В эти дни, быть может, самые критические в моей жизни, ко мне в учреждение пришел накануне своего отъезда за границу норвежец Притц, о концессиях которого я рассказывал выше. В свое время я много сделал, чтобы помочь созданию «смешанного общества», которое он возглавлял. Когда Притц явился теперь ко мне, перед отъездом за границу, я, цепляясь за соломинку, обратился к нему с просьбой сообщить моим друзьям в Лондоне, в каком опасном положении я нахожусь. Он мне ответил: – Г-н Либерман, вы так упорно и твердо защищали интересы Советской России против моих, что у меня нет оснований помогать вам. Моя объяснительная записка, очевидно, произвела где-то впечатление.
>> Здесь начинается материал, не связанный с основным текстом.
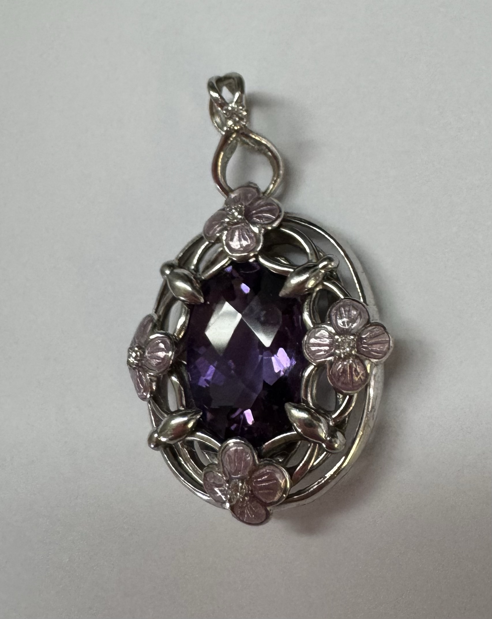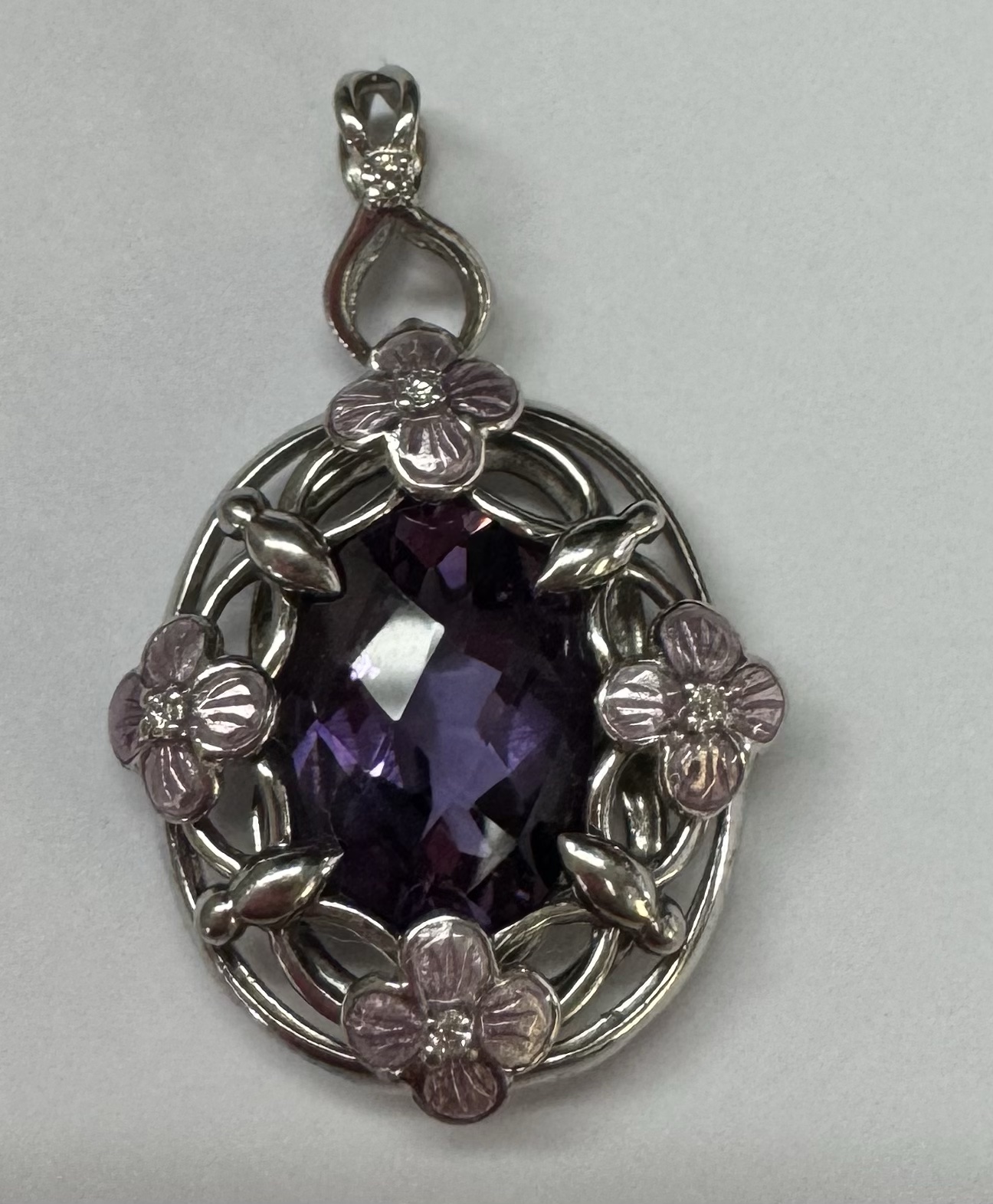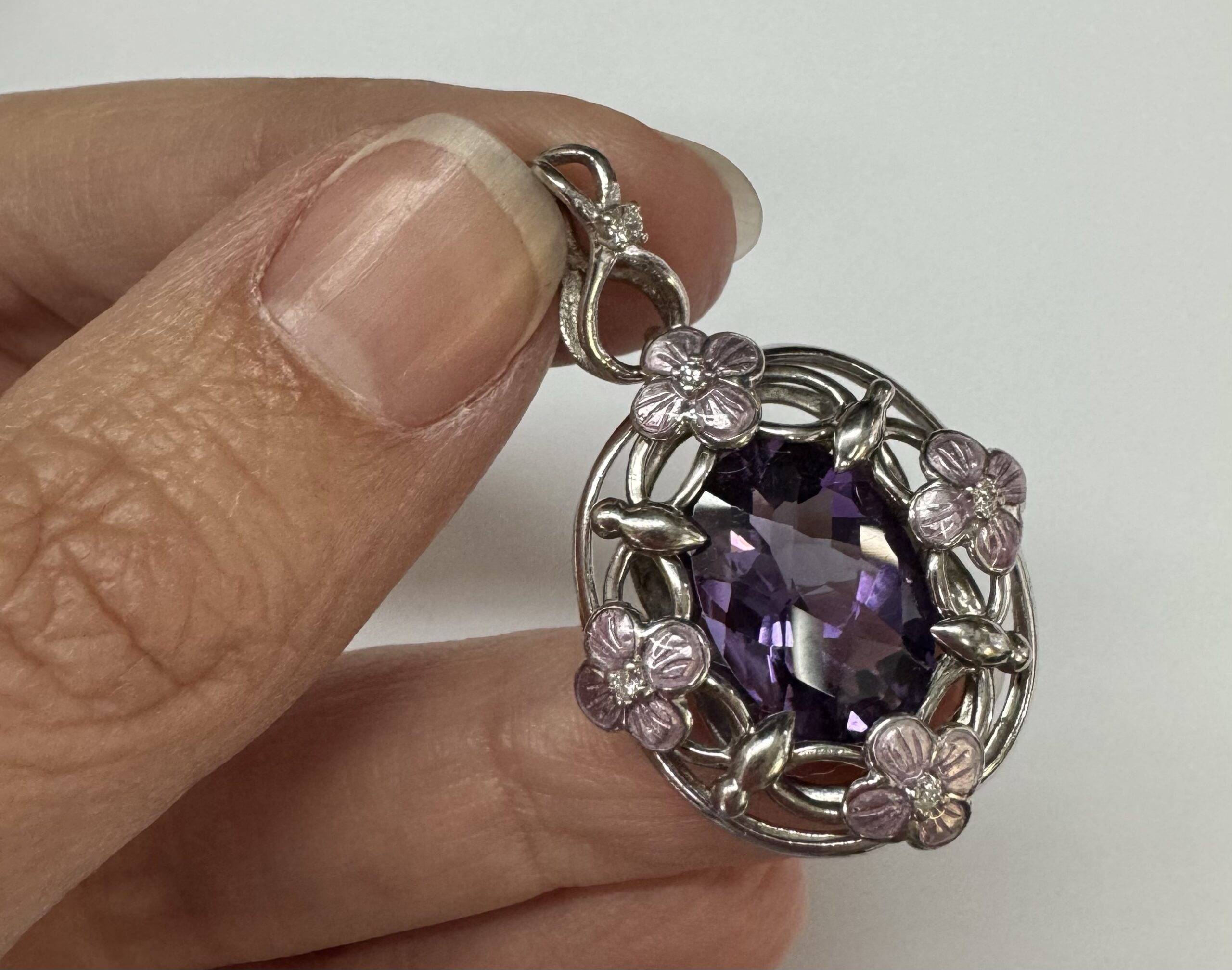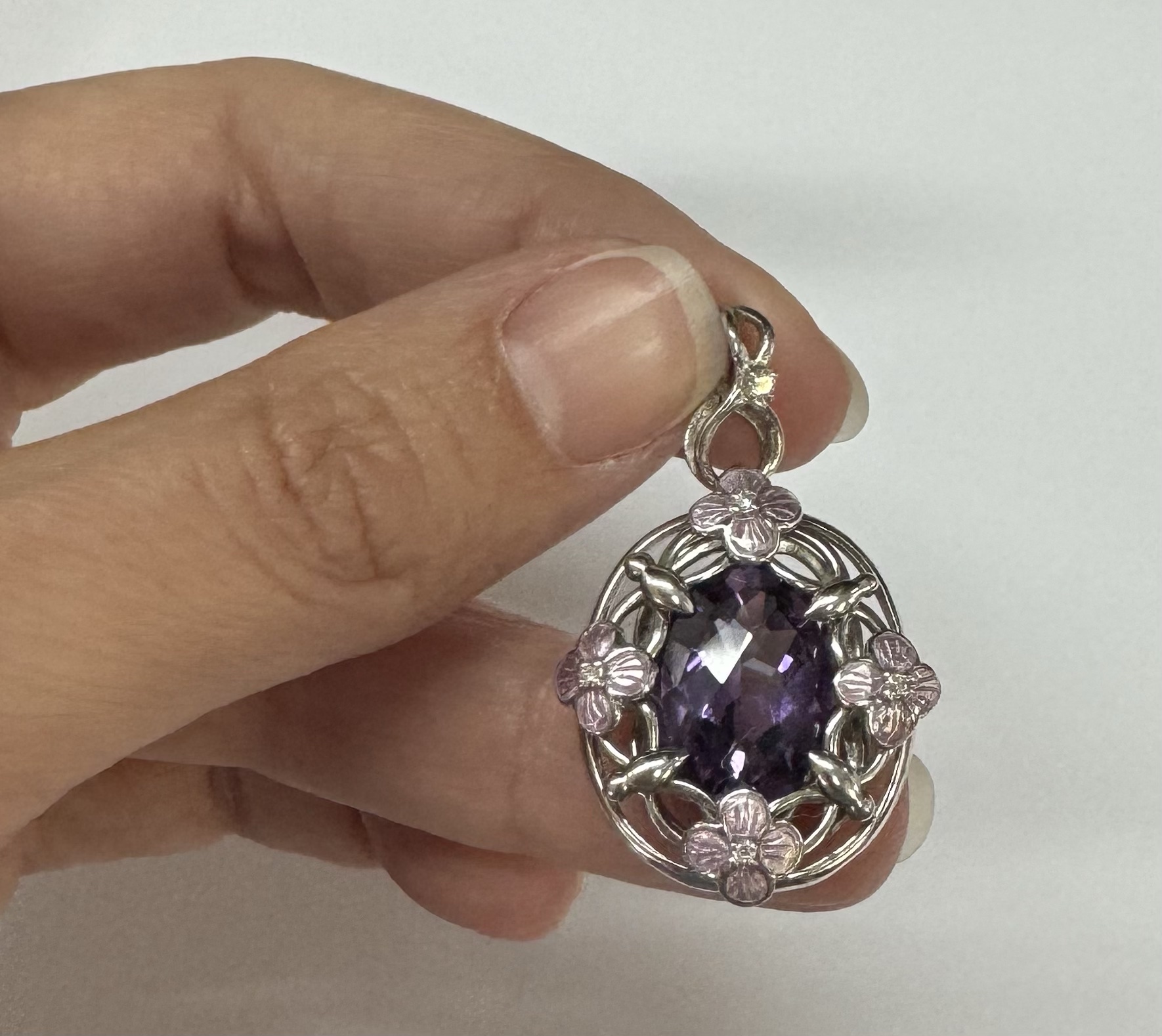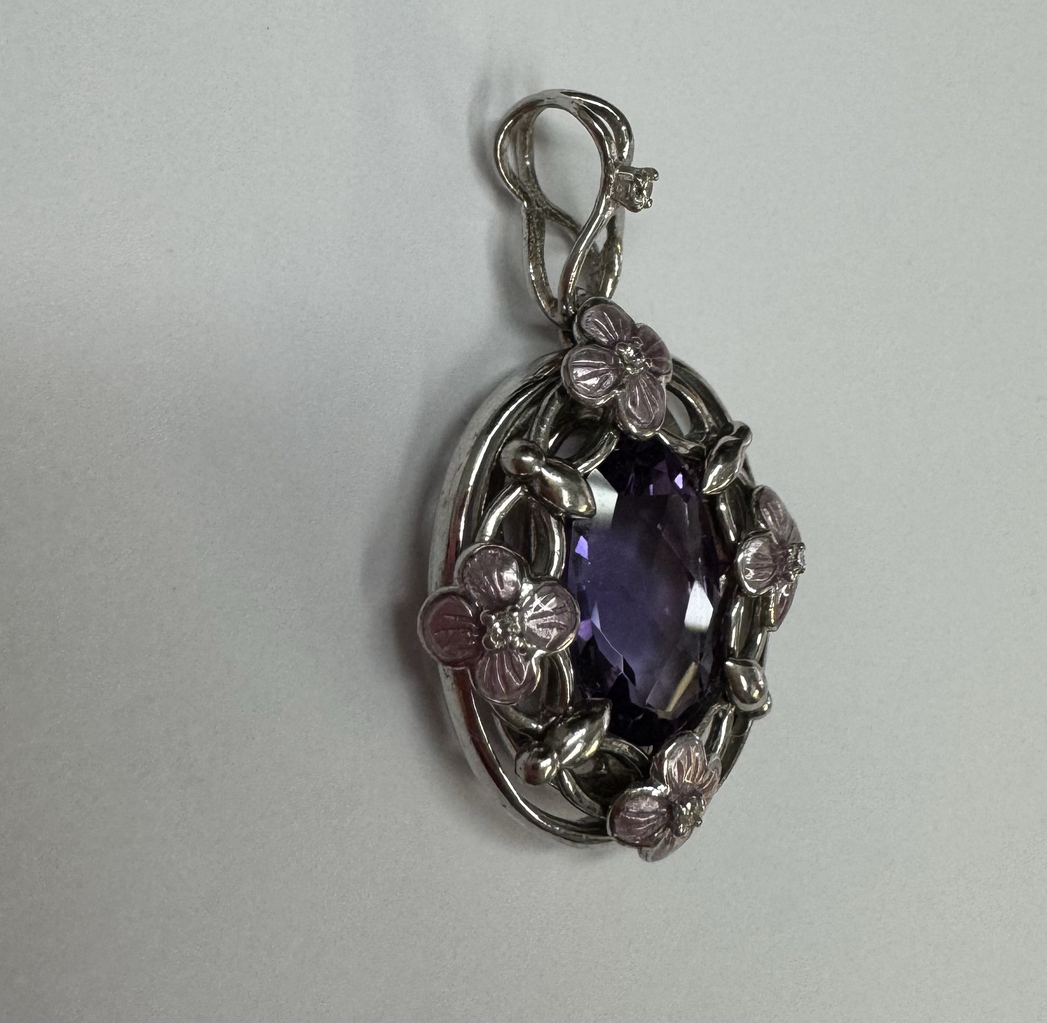 One-of-a-kind antique Sterling Silver genuine oval shaped, faceted Amethyst pendant of an openwork motif, with genuine Diamond accents & enameled flowers & birds. This pendant has an entire weight of 6.6 grams.

Рыков через Ломова передал, что, хотя он и предпочитает меня не видеть, но сделает вое, что нужно… С другой стороны, следственная комиссия тоже заинтересовалась моей запиской – и тут только начались для меня настоящие пытки. Обыкновенно около полуночи раздавался звонок с приглашением такого рода:«Если вы не очень заняты, не согласитесь ли вы приехать в ГПУ, чтобы побеседовать?» – и тут же любезно предлагалось послать к моим услугам экипаж… Помню, как я отправился в первый раз, вечером, предварительно предупредив свою сестру о том, куда я еду, и прося ее не говорить старикам родителям, если я не вернусь. "Беседы» обычно происходили в маленькой полутемной комнате, после того как я проходил ряд столь же плохо освещенных длинных коридоров, под охраной солдата, вооруженного винтовкой. Я вручал пропуск, который все время оставался в руках моего собеседника. Разговор был приблизительно такого характера: – Ну-с, скажите, товарищ Либерман, вот в вашей записке на странице такой-то сказано то-то, а между тем нам представляется это дело так-то…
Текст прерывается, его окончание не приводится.